Jean - Jacques Henner "Femme nue debout"
Henner was born on March 5, 1829 in Bernwiller, in the south of Alsace. He was the youngest of a farmer's six sons.
His artistic career falls into three periods. The first that of his youth, began in 1845 and ended with his winning the Prix de Rome in 1858. His first studies were in his hometown and Strasbourg, and then from 1846 he studied in Paris. During his early years, he painted numerous portraits on his family and other people close to him. The second period is that of his sojourn to Italy, from 1859 until 1864. At the Academie de France in Rome, he painted landscapes and copied works by Italian masters, including Giotto and Correggio. During the third period between 1864 and 1905, Henner was at the height of his powers. He lived in Paris, exhibited a handful of works at the Salon each year and basked in his reputation as an official artist. The painting in the Marubeni collection derives from this last period. In 1873, Henner received the Legion d'Honneur, rising through the ranks until he became grand officier in 1903.

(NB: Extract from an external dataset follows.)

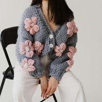 Biểu Tượng Tùy Chỉnh Thiết Kế Phụ Nữ Dệt Kim Tay Dệt Kim Phụ Nữ Áo Len Cardigans Hoa Handmade Chunky Đan Cardigan Áo Len

In his third period, Henner borrowed copiously from mythology and religion, finding particular inspiration in the pastoral poetry of Virgil and Ovid, which he delighted in reading. The Franco-Prussian war of 1870 - 71 cast a dark shadow over his life, not least because his native Alsace came under Prussian occupation, and his paintings took on an ironic pessimism. He sometimes portrayed the Alastian landscape at the nostalgic backdrop to a female nude, and in this regard may perhaps be regarded as a symbolist. He did not live to see his beloved Alsace returned to France, dying in Paris on July 23, 1905.